What does a run-cost model for AI agents look like?
A run-cost model breaks down every expense per agent execution: input tokens, output tokens, API calls to external services, enrichment data costs, and infrastructure. As of March 2026, Claude Sonnet 4.6 costs $3 per 1M input tokens and $15 per 1M output tokens with no long-context surcharge. Ramp's research using payments data from thousands of firms shows each $1 of outsourced task labor maps to about $0.03 of AI model spend, a 25x cost advantage. Your agency should hand you a spreadsheet with these numbers filled in for your specific use case.
What's the difference between a prompt shop and a real AI agency?
A prompt shop wraps ChatGPT or Claude in a nice UI, writes some system prompts, and charges a monthly retainer. A real AI agency ships working systems with MCP tool servers, OpenTelemetry traces, eval gates that catch bad outputs, audit logs, and documented run-cost models. The 30-minute bake-off described in this post forces the difference into the open. Ask for a trace from a failed production run. Prompt shops won't have one.
How much should AI agents cost to run per month?
It depends on volume, but you can estimate it. Swan AI runs a four-person team with seven-figure ARR and spends $113K/month on Anthropic API calls. HUB International reports 2.5 hours saved per employee per week across 20,000 employees using Claude. At Claude Sonnet 4.6 pricing ($3/$15 per 1M tokens), a sales agent making 100 prospecting calls per day might cost $200–$500/month in API fees. If your agency quotes $10K+/month but can't show you the token math, you're paying for their margin, not your results.
Related Reading
How do I tell if an AI agency is a prompt shop or a real builder?
Ask for a workflow trace from a failed production run in the first meeting. Real AI agencies ship OpenTelemetry traces, eval gates, audit logs, MCP tool servers, and a run-cost spreadsheet. Prompt shops wrap ChatGPT in a UI, write system prompts, and charge $10K+/month retainers while spending under $200 on API calls.
How much does it cost to run AI agents per month?

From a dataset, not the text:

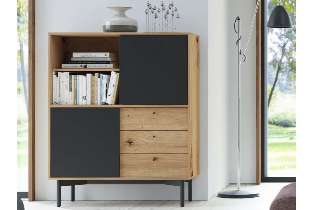 Vysoká skříňka z kolekce Flow – jednoduše moderní a funkční design nábytku skvěle doplní nadčasový styl vašeho bydlení. Kombinaci dubu artisan s černými plochami doplňuje zajímavě tvarovaná černá podnož. Díky tomu bude interier působit vzdušně a zároveň umožní snadnou údržbu podlahy.
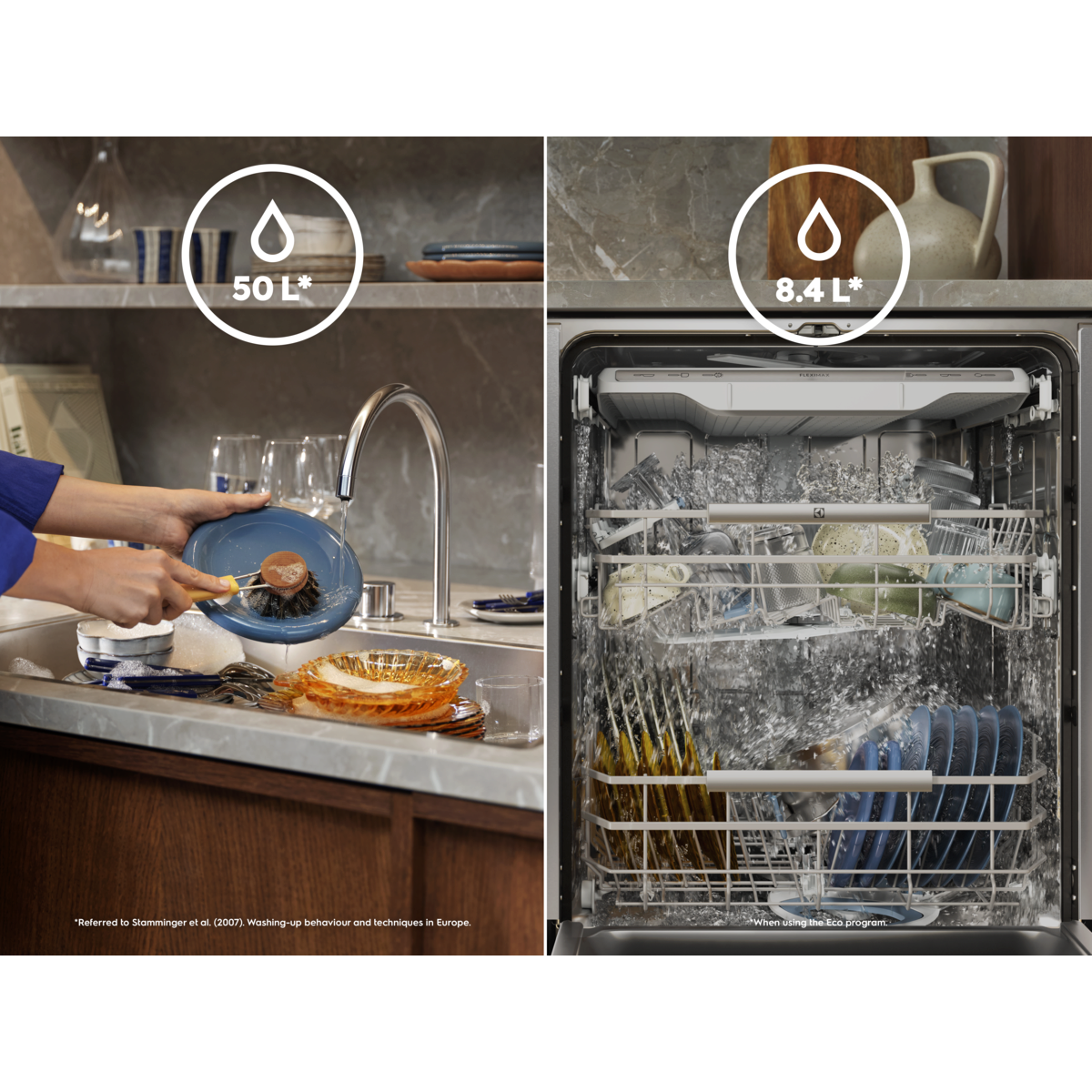 *Basé sur un test indépendant réalisé par un institut tiers allemand avec des pastilles de détergent et lors d’un cycle de 90 minutes sur des résidus de lasagnes incrustés dans un plat.

Swan AI, a four-person team with seven-figure ARR, spent $113,421 on Anthropic API calls in a single month. A sales agent running 100 prospecting calls per day costs roughly $200 to $500 per month at Claude Sonnet 4.6 pricing of $3 per 1M input tokens and $15 per 1M output tokens. Ramp research shows each $1 of outsourced task labor maps to about $0.03 in model spend.
What should an AI agency show you in a 30-minute demo?
Minutes 0 to 5: a workflow trace from a live production agent, not a demo environment. Minutes 5 to 25: a live tool integration walkthrough with error handling, plus a bad input test to see if the eval gate catches it. Minutes 25 to 30: a run-cost model with token counts and a monthly projection for your volume. Score each section 0 to 3. Below 8 total means prompt shop.